> _Your instructions_: All lines below between the line with "옥스포드 대 브리스톨" and the line with "1. 114學年度舊生: 111、112學年度培育優秀博士生獎學金遞補名單+113年9月入學之國科會博士生研究獎學金核配類遞補", including both, must be copied exactly, and the pictures must be omitted.
START Supplied material
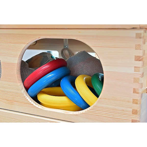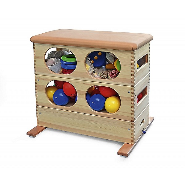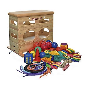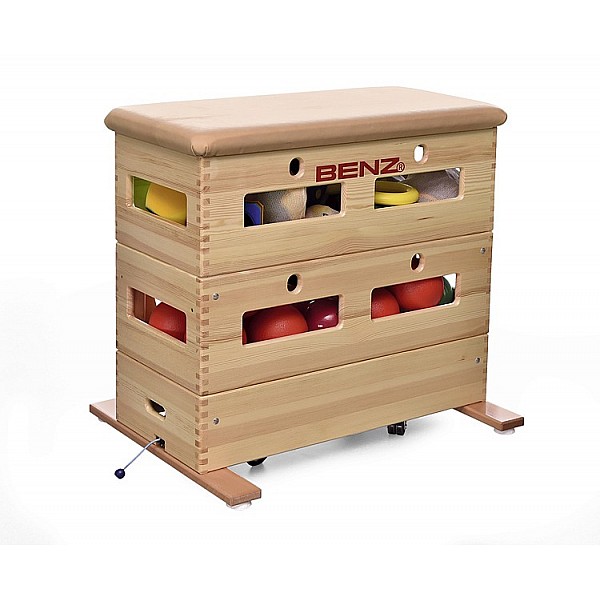 Komplettset Kinderturnkasten KITUKA bestehend aus: Mini-Sprungkasten 3-tlg.100 x 50 x 71 cm, Deckel mit echtem Rindlederbezug, Kastenteile aus Kieferholz massiv, mit 2 Bohrungen zum Einsetzen von Sprossen, Einlegeboden und ovalen Aussparungen an den Längsseiten zum Lagern von Sport- und Spielmaterial. An den Stirnseiten mit Aussparungen zum Einhängen von z.B. Turnbänken, Leitern usw. Unterteil mit eingebauter Rollvorrichtung, Sport- und Spielmaterialset für Kinderturnkasten KITUKA. Von Experten ausgewählte Produkte. Die Zusammenstellung berücksichtigt die spezifischen Anforderungen an Motorik, Koordination und Bewegung bei Kleinkindern und Kindern im Vorschul- bzw. Grundschulalter. Inklusive Sport- und Spielmaterialset für den KITUKA. Von Experten ausgewählte Produkte. Die Zusammenstellung berücksichtigt die spezifischen Anforderungen an Motorik, Koordination und Bewegung bei Kleinkindern und Kindern im Vorschul-/ bzw. Grundschulalter. Das Set besteht aus.10 x Schaum-Playball, 10 x Gymnastikball (farbig sortiert), 10 x Tennisring 180 g, 10 x Bohnensäcken (farbig sortiert), 10 x Gymnastikseil (farbig sortiert), 1 x Schwingseil 8 m, 1 x Gymnastikschnur 8 m, 30 x Gymnastik-/ & Jongliertücher (farbig sortiert), 10 x Kinder-Gymnastikkeule (farbig sortiert), 2 x Schaumstoffwürfel 16 x 16 x 16 cm, 1 x Tamburin, 4 x Markierungskegel (farbig sortiert),
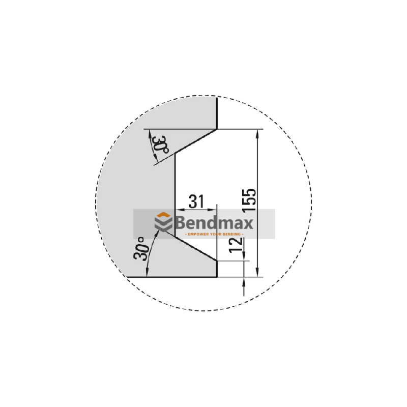 Matriz de dobra com suporte rotativo reversívelÉ um punção de precisão especializado, no estilo Bystronic, projetado para dobras em ângulos acentuados e profundos. Com um ângulo de ponta de 30° e uma altura extra de 175 mm, oferece folga excepcional para a conformação de caixas profundas e geometrias complexas. Seu raio de 1,0 mm retificado com precisão e a construção em aço 42CrMo4 temperado garantem alta precisão e durabilidade, tornando-o a ferramenta perfeita para componentes de chapa metálica complexos.
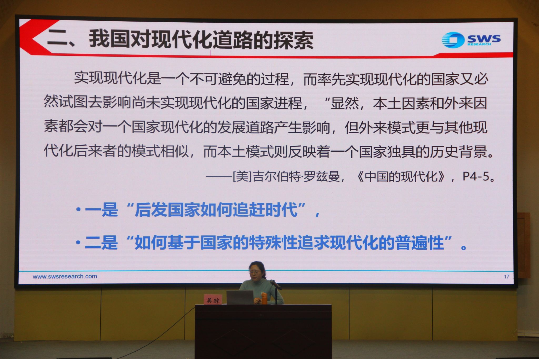 12月11日下午,成人色情 开展了以《全面准确把握中国式现代化的思想要义》为主题的《形势与政策》课,成人色情 马克思主义学院副教授吴琼老师担任本次课程的主讲人。
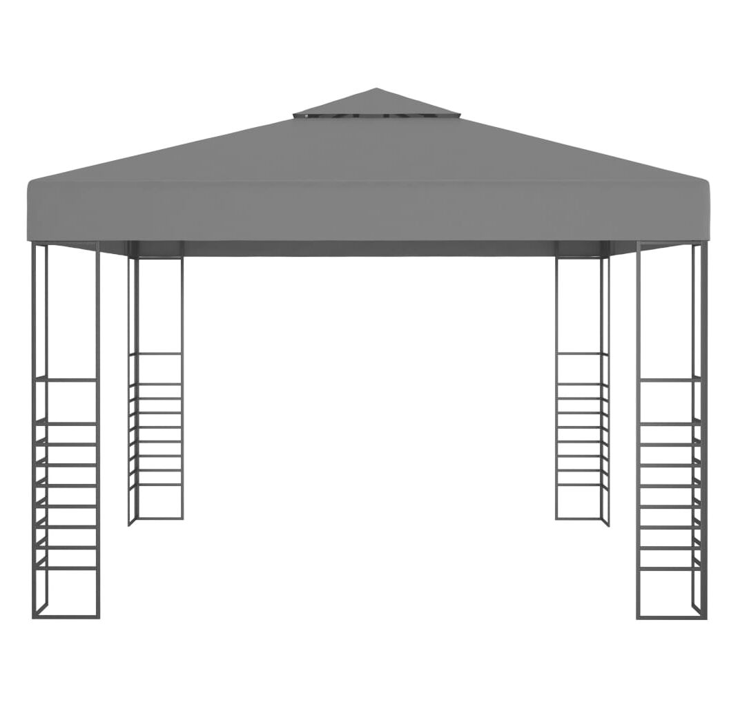 Cadrul este solid și stabil datorită construcției integrale din oțel, iar baldachinul de pe acoperiș este realizat din poliester 100%, cu un strat de poliamidă necesar pentru a vă proteja de razele UV dăunătoare și de ploaie. Designul său elegant cu dublă ventilație permite un flux de aer mai bun, aducând un plus de confort. Instalarea este simplă.
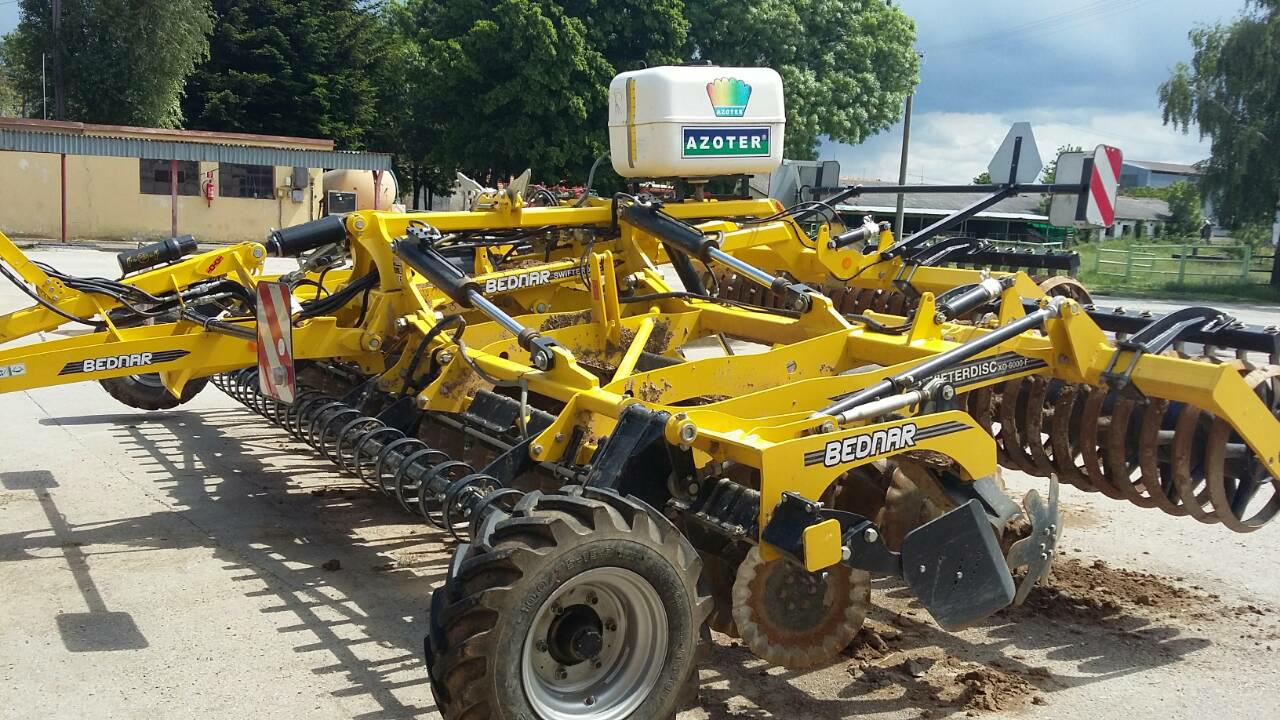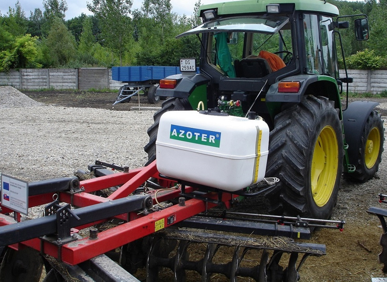 - Eine weitere Möglichkeit, AZOTER anzuwenden, ist die Ausbringung mithilfe von Applikatoren, die am Bodenbearbeitungsgerät montiert werden und für eine sofortige und direkte Einarbeitung des applizierten AZOTER-Düngers ins Bodenprofil sorgen. Zugleich werden Ausbringungskosten gespart und der eigentliche Arbeitsgang vereinfacht. Ausbringung mithilfe von fest am Arbeitsgerät (Kompaktor, Scheibenegge, Grubber) montierten Applikatoren mit einem Tankvolumen von 200 l und 400 l, mit regelbaren Arbeitsbreiten je nach Breite des eingesetzten Arbeitsgeräts. Dieser Applikator ist zudem mit einer eigenen Steuerung und einem eigenen Elektromotor ausgestattet, der an die Schlepperbatterie angeschlossen wird. Der Applikator-Tank wird mit AZOTER-Konzentrat befüllt, eine Verdünnung mit Wasser im Verhältnis von 1:1 ist ebenfalls möglich.
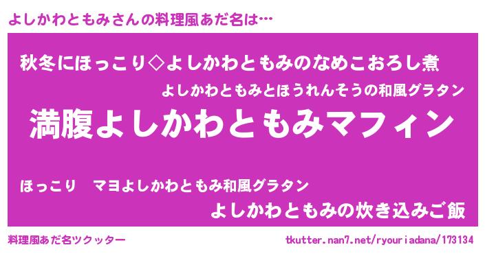 | 意味不明あだ名 | 『永久保存よしかわともみ』 |
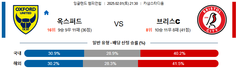 옥스포드 대 브리스톨 잉글랜드챔피언쉽 02일01일 맞대결 생중계, 스포츠중계, 스포츠분석
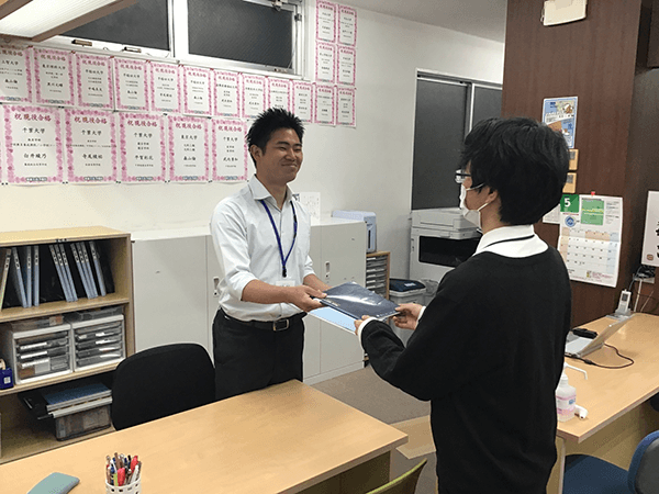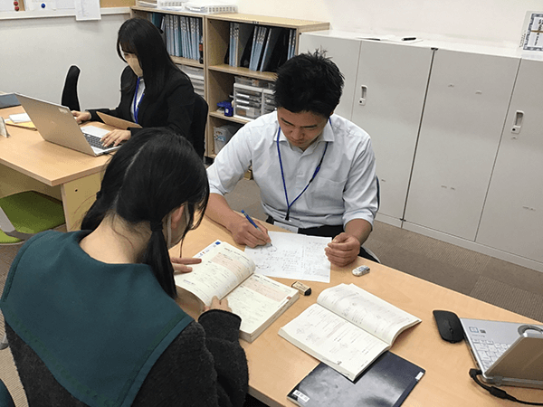 週に1度、担任スタッフは、生徒と面談を行っています。面談では、生徒と一緒に学習計画を立て、その進捗管理を行うなど、第1志望合格へのサポートをしています。
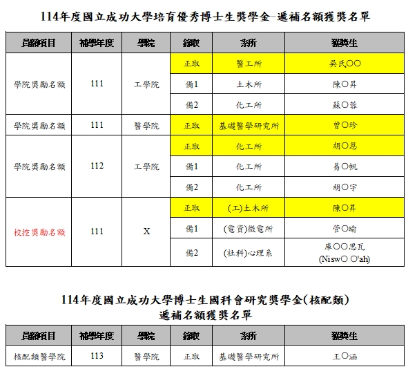 1. 114學年度舊生: 111、112學年度培育優秀博士生獎學金遞補名單+113年9月入學之國科會博士生研究獎學金核配類遞補 名名單如下。 2. 新年度獎學金請領(114.09.01-115.08.31)相關事宜請待後續信件通知。 3. 依據本校「國立成功大學培育優秀博士生獎學金試辦要點」第十點,重新遞補同一學年入學之博士生,且 遞補博士生僅能接續該名額剩餘的年度獎學金。 依據本校「國立成功大學博士生國科會研究獎學金試辦要點」第八點辦理遞補,獎勵期間以原獲獎博士生 剩餘獎勵期間為限。(惟依據當時國科會補助要點此獎勵名額僅補助到博士班三年級)。
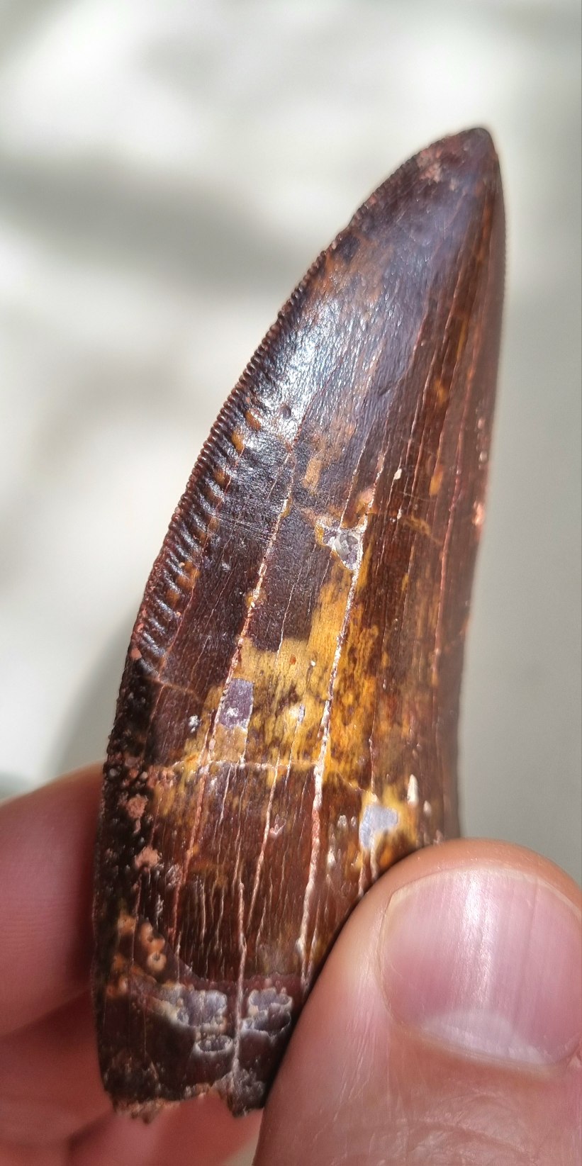 11cm Carcharodontosaurus tooth, Kem Kem 10.jpg
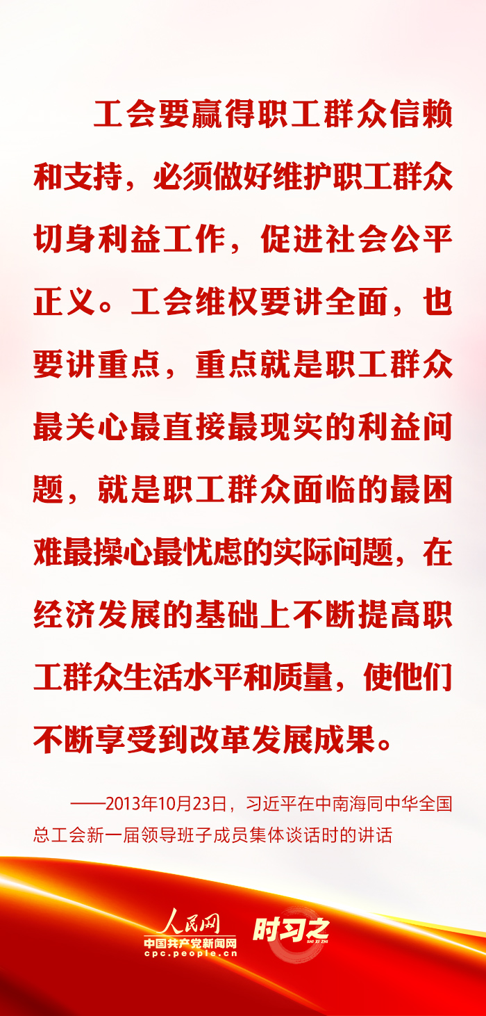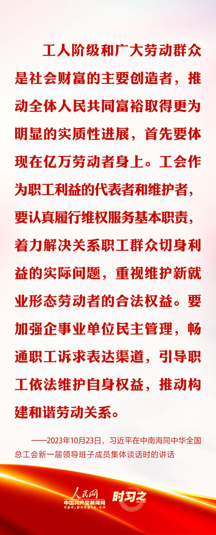 2023年10月23日下午,習(xí)近平總書記在中南海同中華全國總工會(huì)新一屆領(lǐng)導(dǎo)班子成員集體談話并發(fā)表重要講話。他強(qiáng)調(diào),工會(huì)作為職工利益的代表者和維護(hù)者,要認(rèn)真履行維權(quán)服務(wù)基本職責(zé),著力解決關(guān)系職工群眾切身利益的實(shí)際問題,重視維護(hù)新就業(yè)形態(tài)勞動(dòng)者的合法權(quán)益。
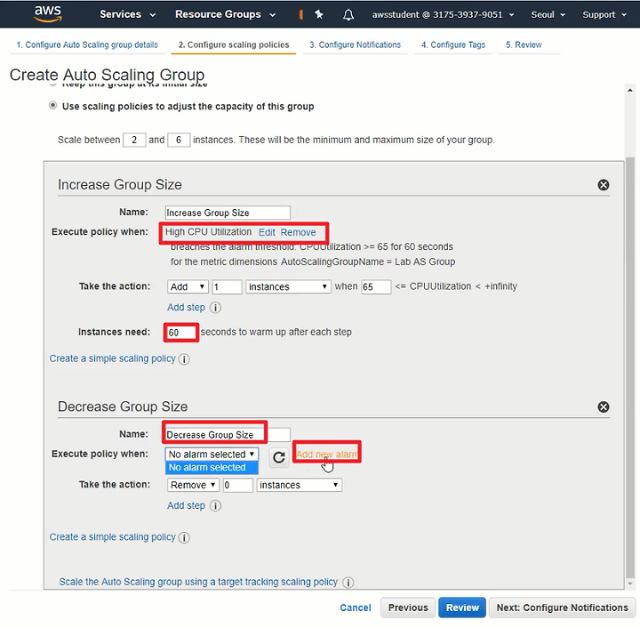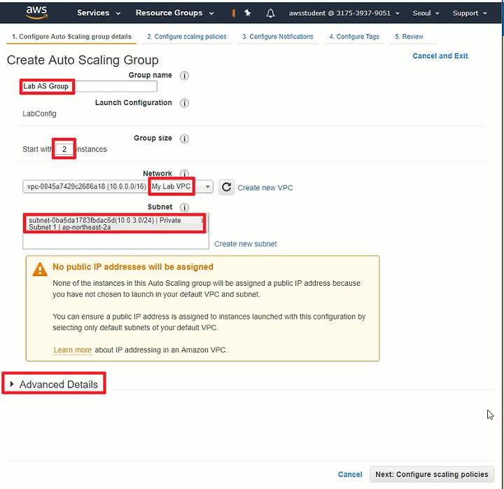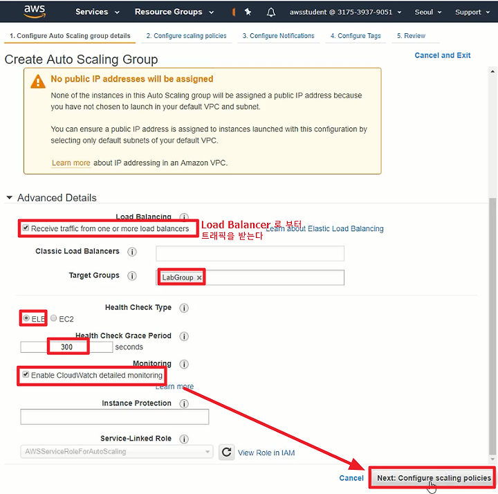 3. AutoScaling Group을 생성하며 위에서 생성한 LaunchConfiguration을 지정한다
END Supplied material
> _Result of this task_:
 옥스포드 대 브리스톨 잉글랜드챔피언쉽 02일01일 맞대결 생중계, 스포츠중계, 스포츠분석
 週に1度、担任スタッフは、生徒と面談を行っています。面談では、生徒と一緒に学習計画を立て、その進捗管理を行うなど、第1志望合格へのサポートをしています。
 1. 114學年度舊生: 111、112學年度培育優秀博士生獎學金遞補名單+113年9月入學之國科會博士生研究獎學金核配類遞補 名名單如下。 2. 新年度獎學金請領(114.09.01-115.08.31)相關事宜請待後續信件通知。 3. 依據本校「國立成功大學培育優秀博士生獎學金試辦要點」第十點,重新遞補同一學年入學之博士生,且 遞補博士生僅能接續該名額剩餘的年度獎學金。 依據本校「國立成功大學博士生國科會研究獎學金試辦要點」第八點辦理遞補,獎勵期間以原獲獎博士生 剩餘獎勵期間為限。(惟依據當時國科會補助要點此獎勵名額僅補助到博士班三年級)。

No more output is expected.